The projected import volume marks a slight decline from the 1.83 million tonnes imported in 2024/25

SOUTH AFRICA – South Africa is set to import approximately 1.74 million tonnes of wheat in the 2025/26 marketing year (MY), starting October 3, to meet nearly half of its annual consumption needs, according to agricultural trade reports.
South Africa is a net wheat importer, and 3 October marked the first week of the new 2025-26 marketing year.

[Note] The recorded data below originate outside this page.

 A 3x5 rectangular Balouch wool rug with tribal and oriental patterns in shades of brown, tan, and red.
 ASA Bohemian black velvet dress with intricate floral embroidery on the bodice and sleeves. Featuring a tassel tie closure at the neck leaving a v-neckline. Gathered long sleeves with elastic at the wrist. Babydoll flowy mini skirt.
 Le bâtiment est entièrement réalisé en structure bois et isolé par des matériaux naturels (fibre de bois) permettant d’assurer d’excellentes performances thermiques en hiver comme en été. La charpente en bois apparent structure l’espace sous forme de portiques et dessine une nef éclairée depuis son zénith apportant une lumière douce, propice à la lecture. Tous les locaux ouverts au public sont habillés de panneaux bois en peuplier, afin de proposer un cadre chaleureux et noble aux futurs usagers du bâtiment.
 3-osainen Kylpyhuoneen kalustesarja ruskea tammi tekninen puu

The country has already imported 20,362 tonnes this season, with Australia (52%), Lithuania (43%), and Poland (5%) as the primary suppliers.
The projected import volume marks a slight decline from the 1.83 million tonnes imported in 2024/25, driven by a modest uptick in domestic wheat production, forecast at 2.03 million tonnes.

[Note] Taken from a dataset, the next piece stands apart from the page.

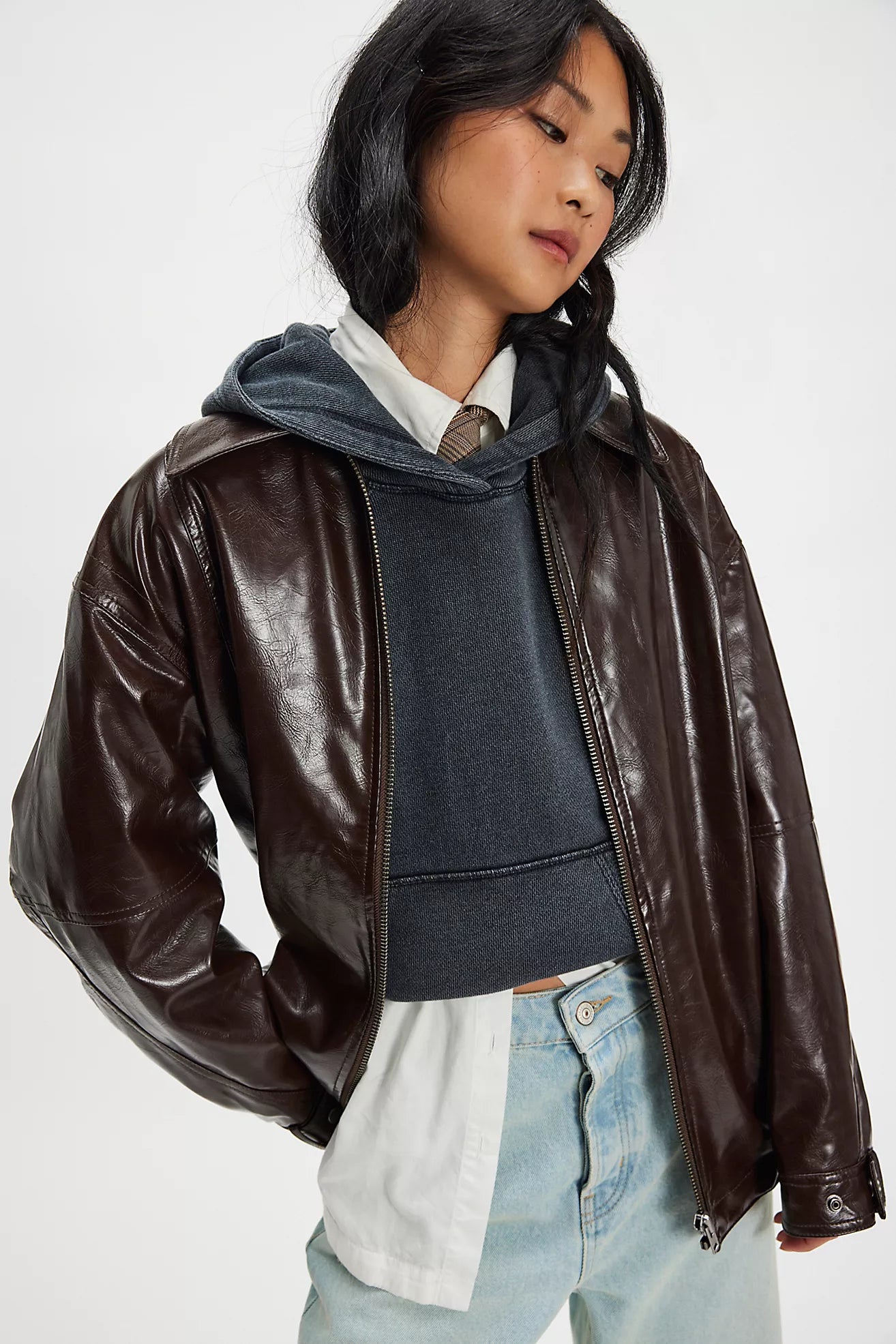 Catch eyes in this vegan leather jacket from We The Free, featured in a classic cut with a high-shine finish for a statement look.
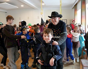 Am Rosenmontag trafen sich rund 60 Erstkommunionkinder und fleißige Helferinnen zur gemeinsamen Faschingsfeier im großen Saal des Pfarrheims. Mit „Helau“ und „Alaaf“ verwandelten sie den Raum kurzerhand in eine bunte Partyzone. Lustige Gruppenspiele, schwungvolle Tänze und fetzige Faschingsmusik von DJ Johannes, sorgten für beste Stimmung. Zwischen Luftschlangen, Luftballons und Girlanden wurde gehüpft, gesungen und herzhaft gelacht. Zur Stärkung gab es Wiener, Brezen und

However, this falls well short of the nation’s estimated 3.8 million tonnes of annual wheat consumption, highlighting South Africa’s ongoing reliance on foreign wheat to feed its population.
South Africa’s wheat imports have surged since the 2003/04 MY, when they crossed the one-million-tonne threshold, up from an average of 458,000 tonnes annually before then.
The increase stems from high domestic demand and a steady decline in wheat-planted areas, which have remained below one million hectares since 1997/98. Low profitability and challenging climatic conditions, particularly in the Free State, have driven this trend.
Following the deregulation of agricultural markets, South African farmers have faced stiff global competition, with only a few regions, like the Western Cape and irrigated zones in the Northern Cape, Free State, Limpopo, and North West, remaining viable for high-quality wheat production.
Despite these challenges, wheat yields have improved significantly, rising from below 2 tonnes per hectare in 1997/98 to 3.8 tonnes per hectare in 2024/25, thanks to advancements in farming techniques.
With domestic production unable to keep pace with demand, South Africa’s reliance on imports underscores the need for strategic agricultural planning.
Recently, the South African Reserve Bank’s balance of payments report revealed that South Africa’s trade surplus has fallen sharply, dropping by R34 billion (US$1.89 billion) in a single quarter, largely due to weaker mining outputs and a notable decline in maize exports.
The surplus declined from R211 billion (US$11.72 billion) in the first quarter of 2025 to R177.1 billion (US$9.84 billion) in the second quarter, raising concerns over the performance of one of the nation’s most important agricultural commodities.
Agriculture Minister John Steenhuisen expressed particular concern about maize, a staple crop that is central to both food security and foreign exchange earnings.
“The observed decline in maize export value during the second quarter reflects a combination of volume constraints, softer international prices, and rising trade frictions globally,” Steenhuisen said.
“This is not only a concern for the balance of payments, but also for the farmers, agribusinesses, and rural communities whose livelihoods depend on stable and expanding export demand,” he added.